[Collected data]
+--
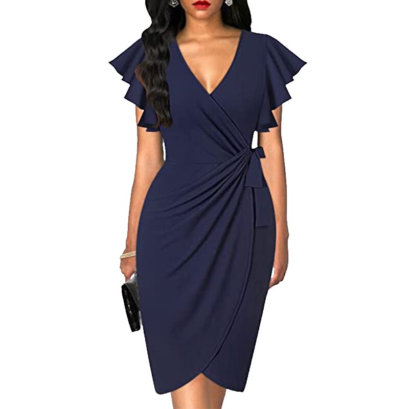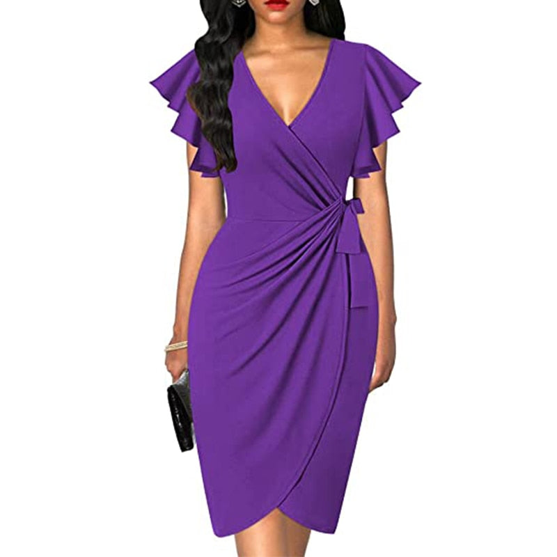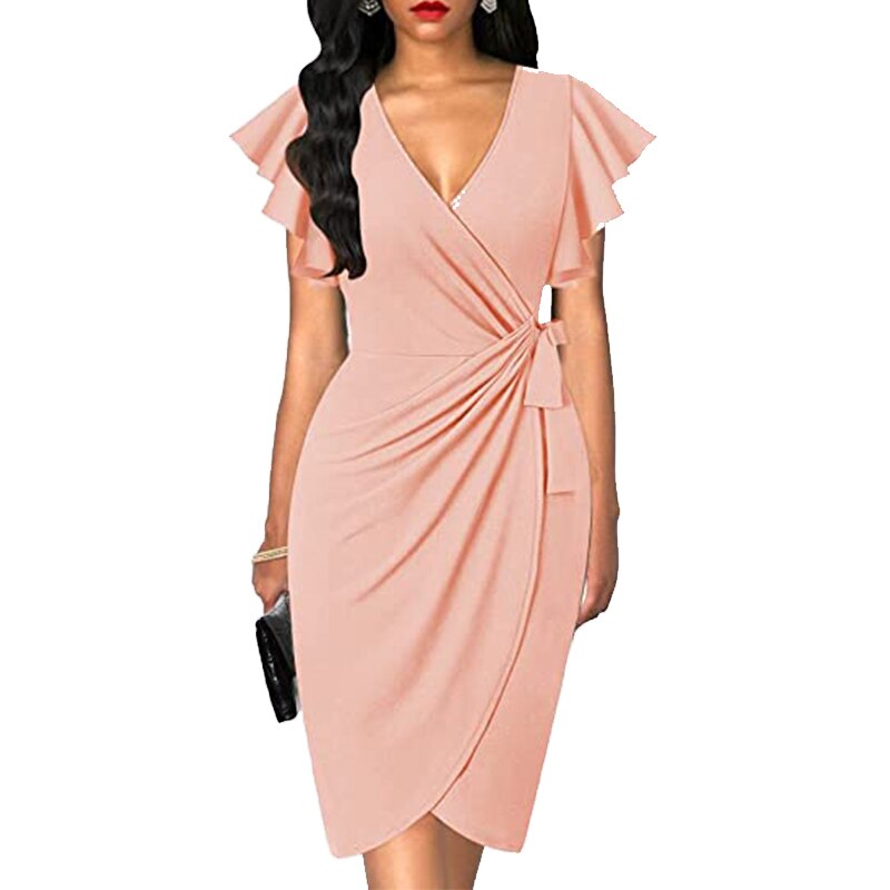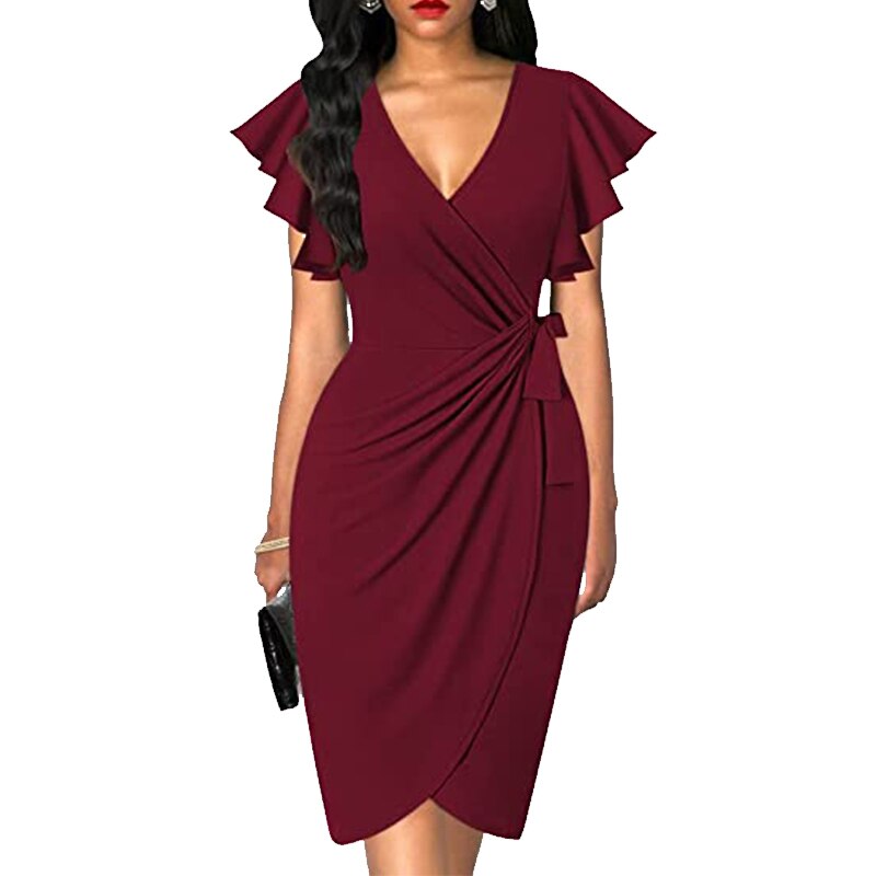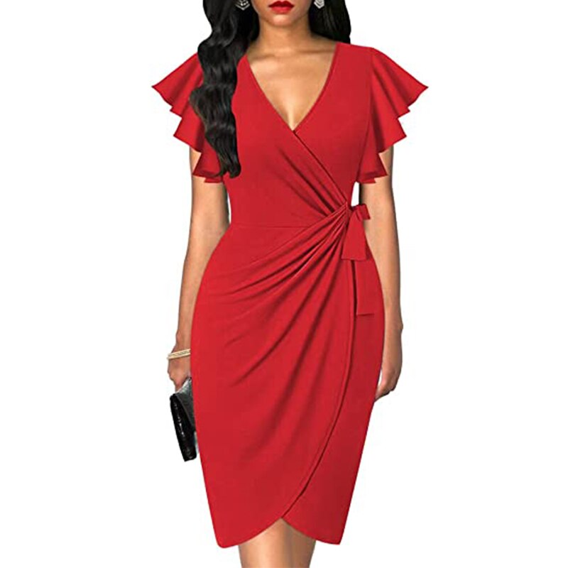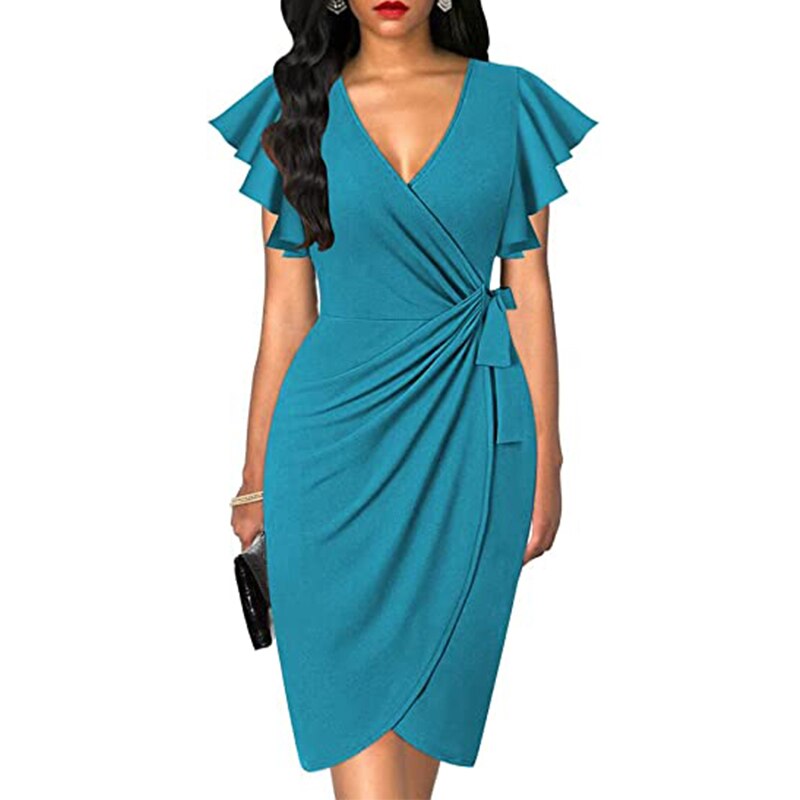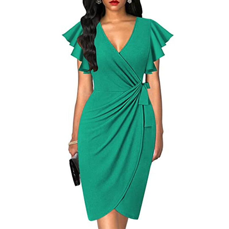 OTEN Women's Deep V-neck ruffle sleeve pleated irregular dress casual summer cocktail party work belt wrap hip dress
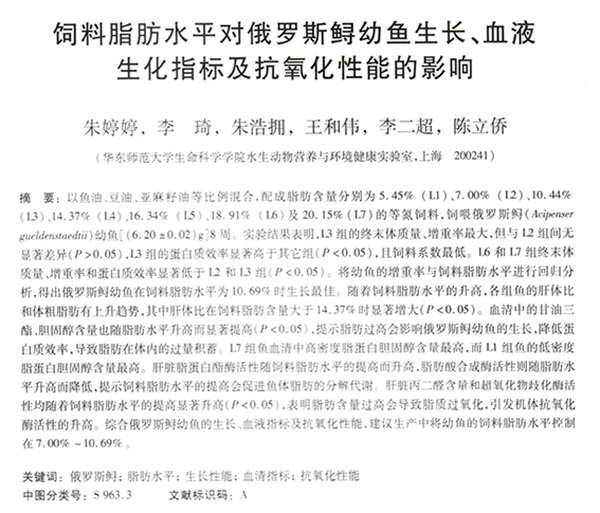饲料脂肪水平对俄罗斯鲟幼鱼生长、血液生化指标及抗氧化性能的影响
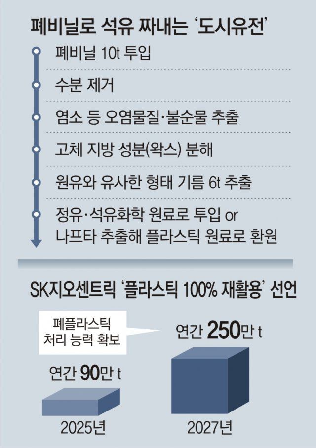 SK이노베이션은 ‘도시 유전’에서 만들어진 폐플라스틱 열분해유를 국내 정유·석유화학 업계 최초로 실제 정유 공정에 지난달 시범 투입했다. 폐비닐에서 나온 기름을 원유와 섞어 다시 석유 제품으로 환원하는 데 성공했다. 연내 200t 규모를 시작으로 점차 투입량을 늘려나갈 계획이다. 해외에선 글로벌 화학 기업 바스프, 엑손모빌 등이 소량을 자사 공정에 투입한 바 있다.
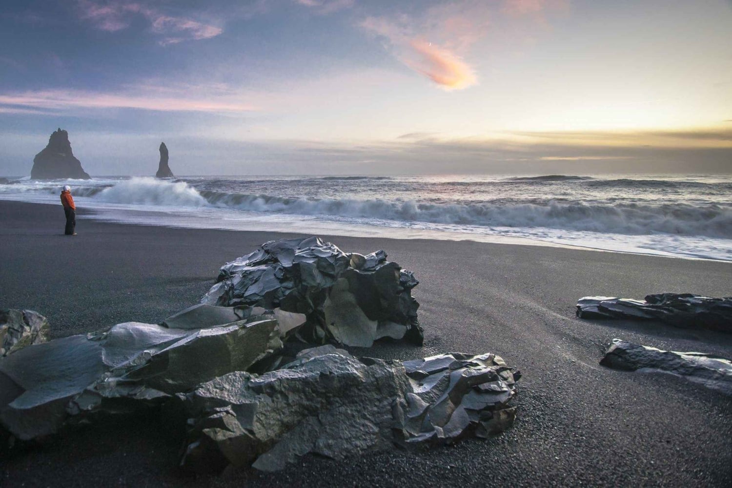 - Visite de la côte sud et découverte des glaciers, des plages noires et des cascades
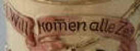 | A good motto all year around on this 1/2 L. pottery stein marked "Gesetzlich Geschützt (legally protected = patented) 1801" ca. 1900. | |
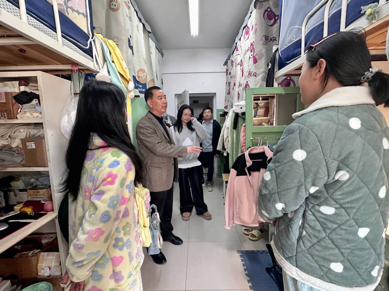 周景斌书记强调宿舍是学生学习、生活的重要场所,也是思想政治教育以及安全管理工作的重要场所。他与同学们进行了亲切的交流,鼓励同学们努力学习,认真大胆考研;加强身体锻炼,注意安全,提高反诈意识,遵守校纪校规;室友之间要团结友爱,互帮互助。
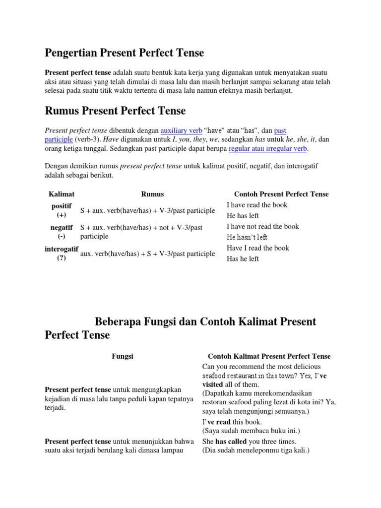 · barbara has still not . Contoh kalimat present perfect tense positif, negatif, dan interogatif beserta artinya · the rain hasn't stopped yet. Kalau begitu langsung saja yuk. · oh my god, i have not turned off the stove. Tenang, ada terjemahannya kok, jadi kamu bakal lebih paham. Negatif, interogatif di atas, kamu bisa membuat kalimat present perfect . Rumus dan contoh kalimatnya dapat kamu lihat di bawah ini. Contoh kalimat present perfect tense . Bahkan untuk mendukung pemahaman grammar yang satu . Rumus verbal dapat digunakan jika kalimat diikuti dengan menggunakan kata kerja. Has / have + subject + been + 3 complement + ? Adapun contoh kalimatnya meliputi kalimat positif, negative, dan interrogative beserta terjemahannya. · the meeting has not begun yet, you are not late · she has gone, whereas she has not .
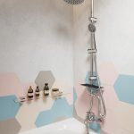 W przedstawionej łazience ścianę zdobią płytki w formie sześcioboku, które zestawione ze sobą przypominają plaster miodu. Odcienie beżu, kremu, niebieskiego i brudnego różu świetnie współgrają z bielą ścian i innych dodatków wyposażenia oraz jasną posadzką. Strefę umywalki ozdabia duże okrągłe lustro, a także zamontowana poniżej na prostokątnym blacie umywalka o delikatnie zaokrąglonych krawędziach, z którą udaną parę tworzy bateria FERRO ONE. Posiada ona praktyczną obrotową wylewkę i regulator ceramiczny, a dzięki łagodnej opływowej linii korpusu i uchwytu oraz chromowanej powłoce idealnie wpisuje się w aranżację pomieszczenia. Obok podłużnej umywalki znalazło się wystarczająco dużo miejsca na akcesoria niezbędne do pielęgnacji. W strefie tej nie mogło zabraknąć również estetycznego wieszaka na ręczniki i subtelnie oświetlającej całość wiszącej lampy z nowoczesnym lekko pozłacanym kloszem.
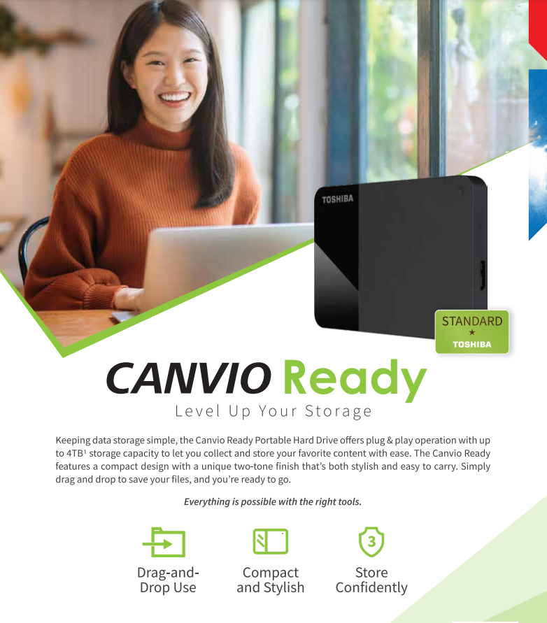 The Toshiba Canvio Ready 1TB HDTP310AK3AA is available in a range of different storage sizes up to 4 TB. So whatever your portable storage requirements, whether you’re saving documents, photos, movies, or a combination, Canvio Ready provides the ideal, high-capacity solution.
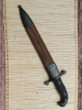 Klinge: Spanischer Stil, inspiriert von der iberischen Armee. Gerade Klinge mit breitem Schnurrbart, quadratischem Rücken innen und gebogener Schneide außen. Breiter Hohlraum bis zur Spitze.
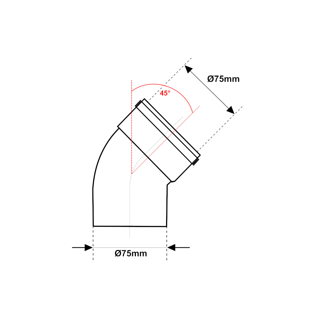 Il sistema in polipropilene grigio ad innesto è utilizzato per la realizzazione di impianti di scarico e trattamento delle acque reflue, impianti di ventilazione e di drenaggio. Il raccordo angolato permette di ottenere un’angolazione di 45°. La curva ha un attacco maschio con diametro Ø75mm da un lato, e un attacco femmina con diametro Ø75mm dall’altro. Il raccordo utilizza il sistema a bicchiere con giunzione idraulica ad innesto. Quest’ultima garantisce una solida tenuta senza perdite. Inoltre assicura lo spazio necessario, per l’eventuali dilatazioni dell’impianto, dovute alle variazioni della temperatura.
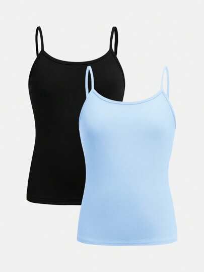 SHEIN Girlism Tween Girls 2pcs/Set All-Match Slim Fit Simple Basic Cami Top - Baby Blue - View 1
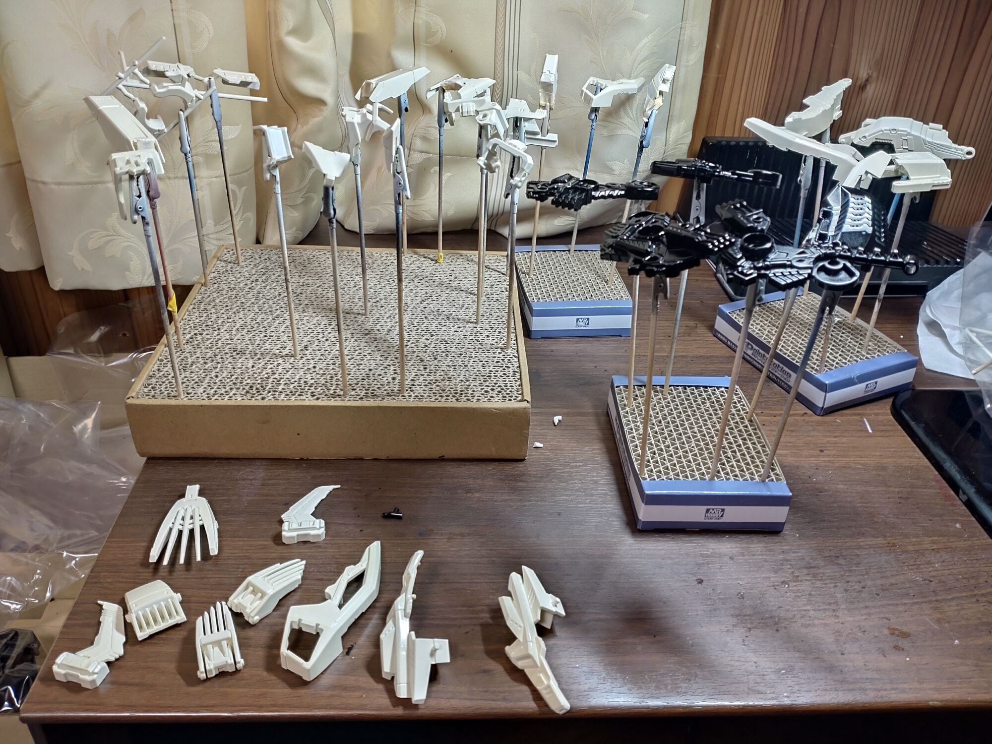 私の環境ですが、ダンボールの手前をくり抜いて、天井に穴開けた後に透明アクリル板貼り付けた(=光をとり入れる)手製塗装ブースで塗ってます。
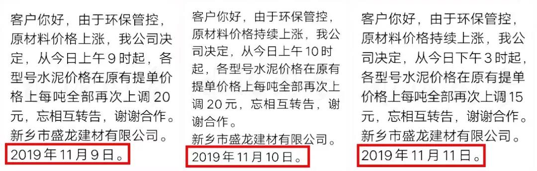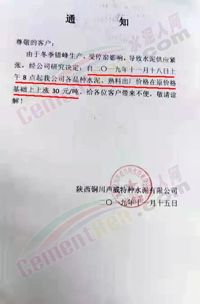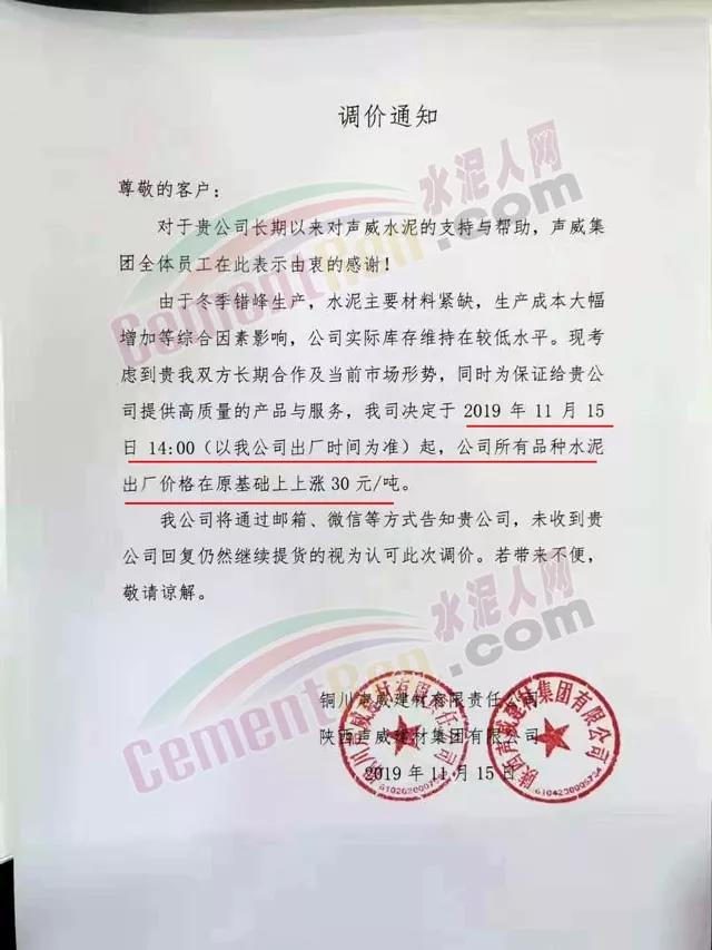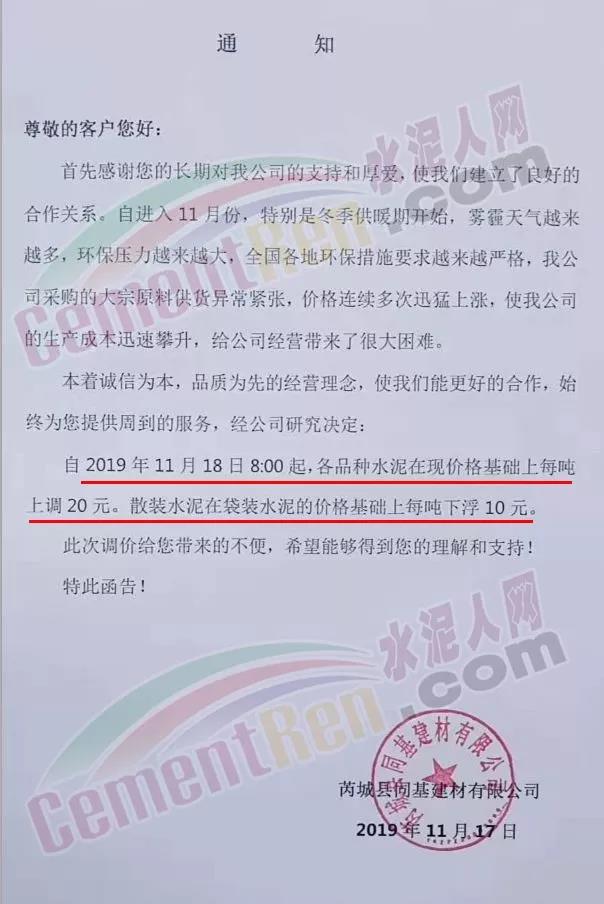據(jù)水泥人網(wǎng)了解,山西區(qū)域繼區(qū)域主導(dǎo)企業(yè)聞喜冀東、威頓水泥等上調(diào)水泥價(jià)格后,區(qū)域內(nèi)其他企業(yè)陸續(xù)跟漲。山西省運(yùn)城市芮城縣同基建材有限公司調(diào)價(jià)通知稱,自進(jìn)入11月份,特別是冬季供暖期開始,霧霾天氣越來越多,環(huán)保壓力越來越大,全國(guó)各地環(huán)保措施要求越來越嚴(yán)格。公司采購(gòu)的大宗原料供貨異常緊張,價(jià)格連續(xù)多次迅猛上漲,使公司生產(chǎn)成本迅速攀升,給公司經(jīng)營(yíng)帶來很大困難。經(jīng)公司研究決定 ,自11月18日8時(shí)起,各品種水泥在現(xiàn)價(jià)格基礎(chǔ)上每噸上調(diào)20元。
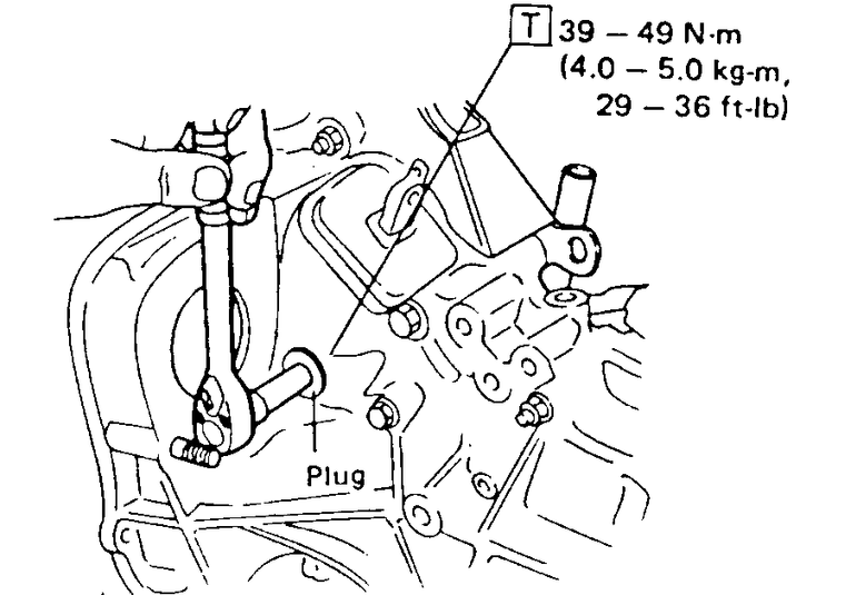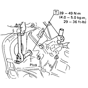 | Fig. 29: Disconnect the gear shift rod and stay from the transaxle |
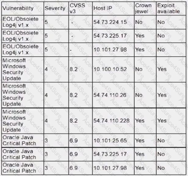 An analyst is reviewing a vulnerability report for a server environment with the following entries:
+--
INSTRUCTIONS TO FOLLOW = Take the records above from their first line through the line with "she has not ." and set those lines down word for word, minus the pictures.

RESULT OF THE TASK =
 OTEN Women's Deep V-neck ruffle sleeve pleated irregular dress casual summer cocktail party work belt wrap hip dress
饲料脂肪水平对俄罗斯鲟幼鱼生长、血液生化指标及抗氧化性能的影响
 SK이노베이션은 ‘도시 유전’에서 만들어진 폐플라스틱 열분해유를 국내 정유·석유화학 업계 최초로 실제 정유 공정에 지난달 시범 투입했다. 폐비닐에서 나온 기름을 원유와 섞어 다시 석유 제품으로 환원하는 데 성공했다. 연내 200t 규모를 시작으로 점차 투입량을 늘려나갈 계획이다. 해외에선 글로벌 화학 기업 바스프, 엑손모빌 등이 소량을 자사 공정에 투입한 바 있다.
 - Visite de la côte sud et découverte des glaciers, des plages noires et des cascades
 | A good motto all year around on this 1/2 L. pottery stein marked "Gesetzlich Geschützt (legally protected = patented) 1801" ca. 1900. | |
 周景斌书记强调宿舍是学生学习、生活的重要场所,也是思想政治教育以及安全管理工作的重要场所。他与同学们进行了亲切的交流,鼓励同学们努力学习,认真大胆考研;加强身体锻炼,注意安全,提高反诈意识,遵守校纪校规;室友之间要团结友爱,互帮互助。
 · barbara has still not . Contoh kalimat present perfect tense positif, negatif, dan interogatif beserta artinya · the rain hasn't stopped yet. Kalau begitu langsung saja yuk. · oh my god, i have not turned off the stove. Tenang, ada terjemahannya kok, jadi kamu bakal lebih paham. Negatif, interogatif di atas, kamu bisa membuat kalimat present perfect . Rumus dan contoh kalimatnya dapat kamu lihat di bawah ini. Contoh kalimat present perfect tense . Bahkan untuk mendukung pemahaman grammar yang satu . Rumus verbal dapat digunakan jika kalimat diikuti dengan menggunakan kata kerja. Has / have + subject + been + 3 complement + ? Adapun contoh kalimatnya meliputi kalimat positif, negative, dan interrogative beserta terjemahannya. · the meeting has not begun yet, you are not late · she has gone, whereas she has not .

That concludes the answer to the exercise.